DATASET RECORDS:

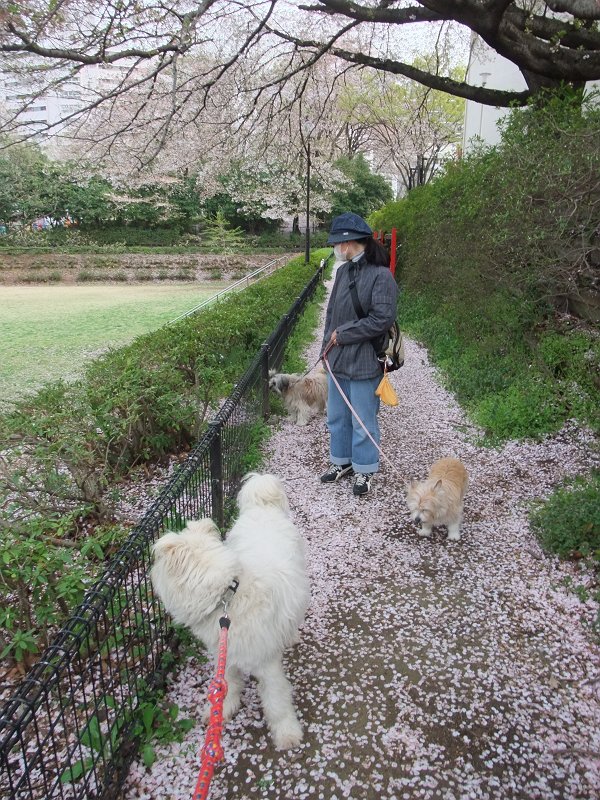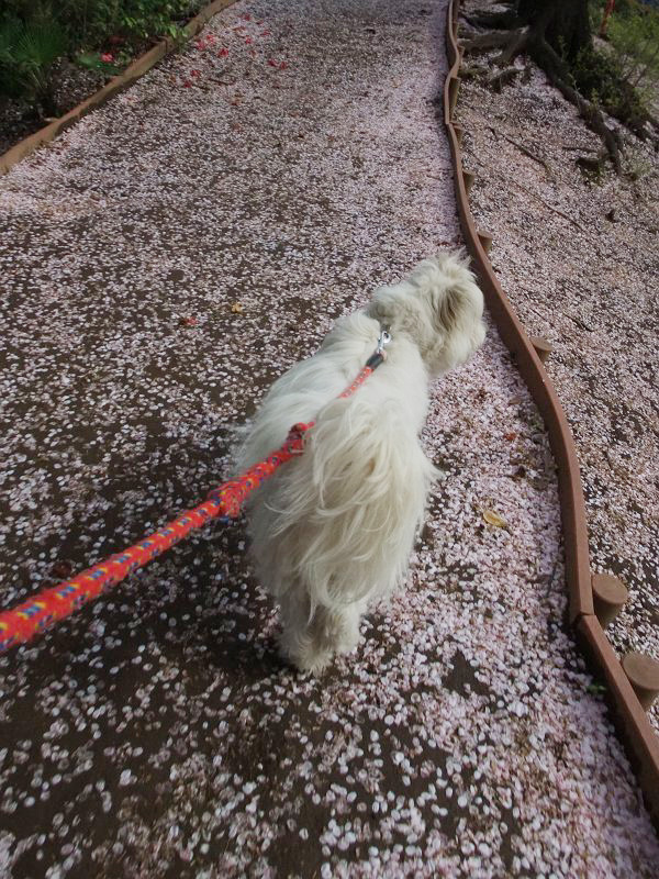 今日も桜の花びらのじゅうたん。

==

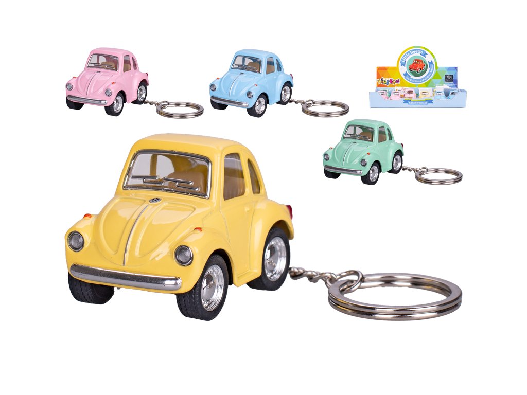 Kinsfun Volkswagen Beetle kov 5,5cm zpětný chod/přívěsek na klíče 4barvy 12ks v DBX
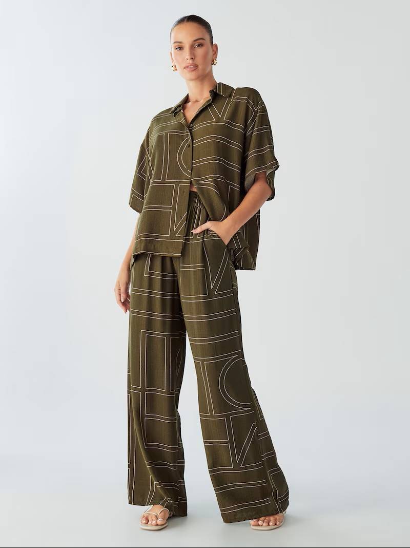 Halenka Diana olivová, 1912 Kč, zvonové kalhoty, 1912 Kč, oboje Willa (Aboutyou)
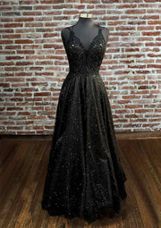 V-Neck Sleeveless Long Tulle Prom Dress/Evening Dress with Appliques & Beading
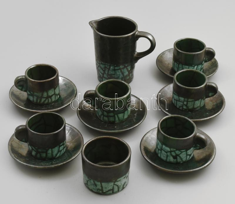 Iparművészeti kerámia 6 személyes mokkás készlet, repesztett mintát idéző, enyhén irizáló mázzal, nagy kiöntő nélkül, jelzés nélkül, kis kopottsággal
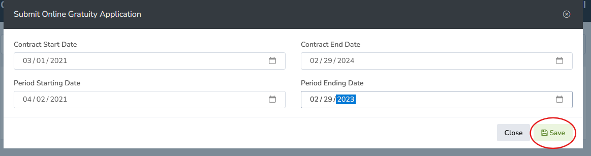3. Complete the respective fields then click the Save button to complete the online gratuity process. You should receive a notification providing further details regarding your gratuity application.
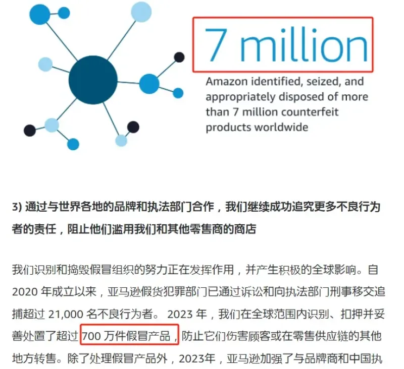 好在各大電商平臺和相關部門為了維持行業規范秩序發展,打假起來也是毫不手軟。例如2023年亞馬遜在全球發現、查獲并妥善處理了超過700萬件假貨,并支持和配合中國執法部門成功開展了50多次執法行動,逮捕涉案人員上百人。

TO DO:
For the material above, give again only the lines starting at the line that contains "Iparművészeti kerámia 6" and ending at the line that contains "好在各大電商平臺和相關部門為". Pictures do not belong in the copy.

COMPLETED EXERCISE:
 Iparművészeti kerámia 6 személyes mokkás készlet, repesztett mintát idéző, enyhén irizáló mázzal, nagy kiöntő nélkül, jelzés nélkül, kis kopottsággal
3. Complete the respective fields then click the Save button to complete the online gratuity process. You should receive a notification providing further details regarding your gratuity application.
 好在各大電商平臺和相關部門為了維持行業規范秩序發展,打假起來也是毫不手軟。例如2023年亞馬遜在全球發現、查獲并妥善處理了超過700萬件假貨,并支持和配合中國執法部門成功開展了50多次執法行動,逮捕涉案人員上百人。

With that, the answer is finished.